There’s no conceptual divide in law between “smart contracts” and “legal contracts,” just like there’s no conceptual divide between “legal contracts” and “contracts.” Adding the adjectival “legal” is unnecessarily redundant. A contract is, by definition, a legal form. No clear trade usage attaches to the term “smart contract” or to the term “legal contract.” On the contrary, crypto discourse has far too much inaccurate equivalence between different genres of “smart contract” and variously “self-enforcing” legal contracts.

Here’s the actual answer to how “smart contracts” are turned into “legal contracts” —

The resounding “maybe” is a far cry from claims that Mattereum contracts “can be efficiently enforced all over the world.”

The best thought exercise for moving away from efficient enforcement and getting closer to maybe is to return to the Stradivarius and to imagine a complex provenance dispute -or- a hybrid contract + property + tort dispute arising from damage to the violin occasioned by an angry violinst protesting the onchainization of art, or whatever.

It doesn’t matter how clear the chain of title may seem now; in a large stake dispute, it’s impossible to contain the parties to on-chain dispute resolution mechanisms — irrespective of their prior consent to on-chain arbitration.

Underneath Mattereum’s Hood

Here’s our theory on the actual inner workings of Mattereum’s automated custodian.

  • Mattereum’s automated custodian seems to be a clandestine way of converting a property law form (such as a bailment) into a contract form.
  • Mattereum is doing this type of legal alchemy in order to internationalize & harmonize property law (property law is quintessentially local; contract law is far more cosmopolitan, with robust international legal mechanisms for enforcement of arbitration awards).
  • Conveying property to a centralized or decentralized registrar is an attempt to contract-ize a given asset (to change its legal essence from a property form to a contract form).
  • Despite best efforts to do this (with advice of great lawyers), any claim of ease of enforcement, ease of implementation, and/or easy efficiency gains must be very closely scrutinized.

Next Steps

We close with several questions and requests for clarification.

  • The Mattereum website states: “Where contracting parties have agreed that their obligations will be secured against registered assets, registrars will recognise and enforce an arbitration award directly against the assets.”
  • Q: What is Mattereum’s preferred arbitration mechanism?
  • In our understanding, the decision to on-chain a Stradivarius is motivated by a desire to chose a high-profile asset with an indisputable provenance.
  • Q: Are you open to prototyping Mattereum with other asset classes, but where title is unclear, and provenance can be disputed?

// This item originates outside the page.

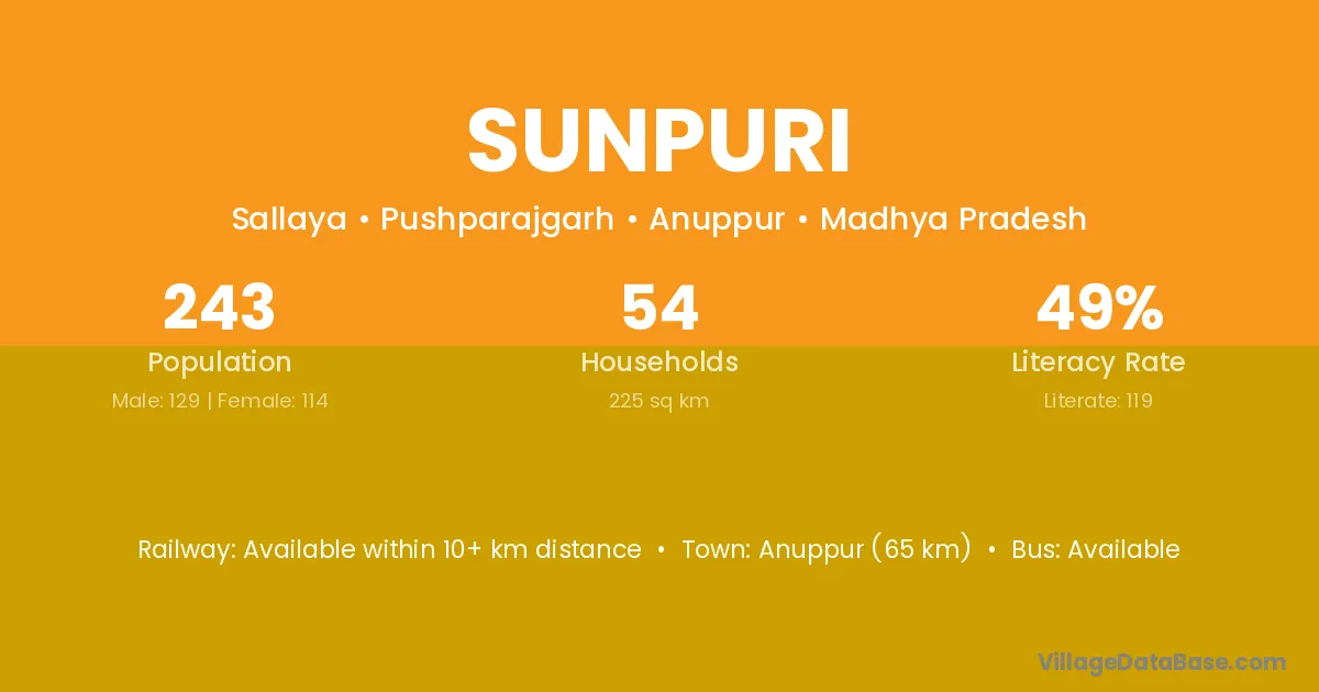 Sunpuri village has a total population of 243 people, of which 129 are males and 114 are females.

Thank you to the Mattereum team for blazing a new path forward in the evolution of the broader global blockchain project. Your litepaper’s innovative suggestion to marketize carbon and pollution data is a major milestone in blockchain history. We applaud it wholeheartedly.

We see Mattereum’s full potential as custodian protocol of a similar but broader physical asset class: a blockchain embodiment of Open AR Cloud. We’d be honored to share our ideas for integrating blockchain processes with physical assets to unlock entirely new transactional spaces.